Reference: docs/convention/schema/20251202/entity_annotation_rules_v1.6.0_unified.yaml
permissible_values:
entity_recognition:
description: |
Stage 1: Detect and classify named entities in text.
Identifies entity spans and assigns hypernym types (AGT, GRP, TOP, etc.)
meaning: nif:String
comments:
- 'Input: Raw text or rendered HTML'
- 'Output: Entity spans with type classifications'
- 'Models: spaCy NER, transformer-based NER, pattern matching'
layout_analysis:
description: |
Stage 2: Analyze document structure and region semantics.
Identifies headers, paragraphs, tables, navigation, sidebars, etc.
Uses DOC hypernym types (DOC.HDR, DOC.PAR, DOC.TBL, etc.)
meaning: oa:Annotation
comments:
- 'Input: HTML DOM or PAGE-XML'
- 'Output: Document region annotations with semantic roles'
- XPath provenance links claims to specific DOM locations
entity_resolution:
description: |
Stage 3: Disambiguate and merge entity mentions.
Resolves coreferences, handles name variants, deduplicates entities.
meaning: prov:Activity
comments:
- 'Input: Entity spans from stage 1'
- 'Output: Resolved entity clusters with canonical forms'
- 'Methods: String similarity, context matching, ML classifiers'
entity_linking:
description: |
Stage 4: Link entities to knowledge bases.
Connects resolved entities to Wikidata, ISIL registry, GeoNames, etc.
meaning: oa:Annotation
comments:
- 'Input: Resolved entities from stage 3'
- 'Output: Knowledge base URIs (Q-numbers, ISIL codes, GeoNames IDs)'
- 'Confidence: Link confidence scores from disambiguation'
slots:
xpath_match_score:
range: float
required: true
minimum_value: 0.0
maximum_value: 1.0
description: |
Match quality between claim_value and the text at the XPath location.
- 1.0 = Exact match (claim_value appears verbatim)
- 0.8-0.99 = Near match after normalization (whitespace, case)
- 0.5-0.79 = Substring match (claim_value is part of element text)

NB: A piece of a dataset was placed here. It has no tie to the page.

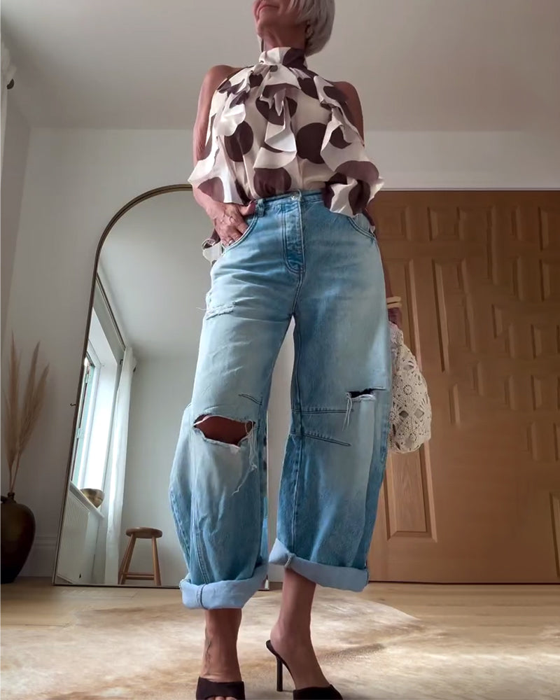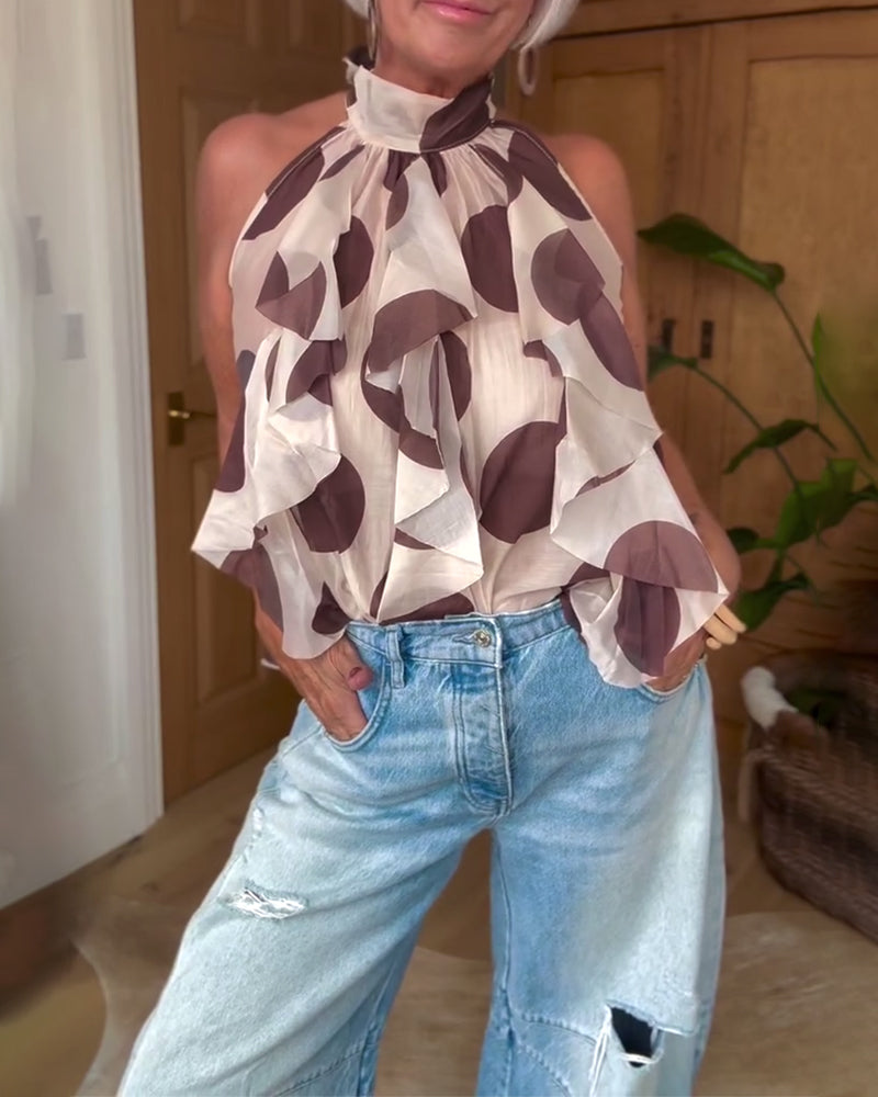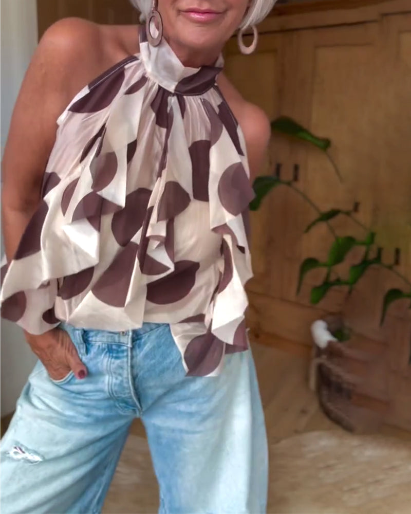 Sleeveless Ruffled Halter Neck Blouse

- <0.5 = Weak match (claim may need verification)
Claims with score < 0.3 should be flagged for manual review.
xpath_matched_text:
range: string
description: |
The actual text found at the XPath location.
Useful when xpath_match_score < 1.0 to show what was matched.
claim_extraction_method:
range: string
description: |
Method used to extract this claim.
Examples: "xpath_exact_match", "text_search", "css_selector", "json_ld_parse"
pipeline_stage:
range: ExtractionPipelineStageEnum
description: |
Which stage of the extraction pipeline produced this claim.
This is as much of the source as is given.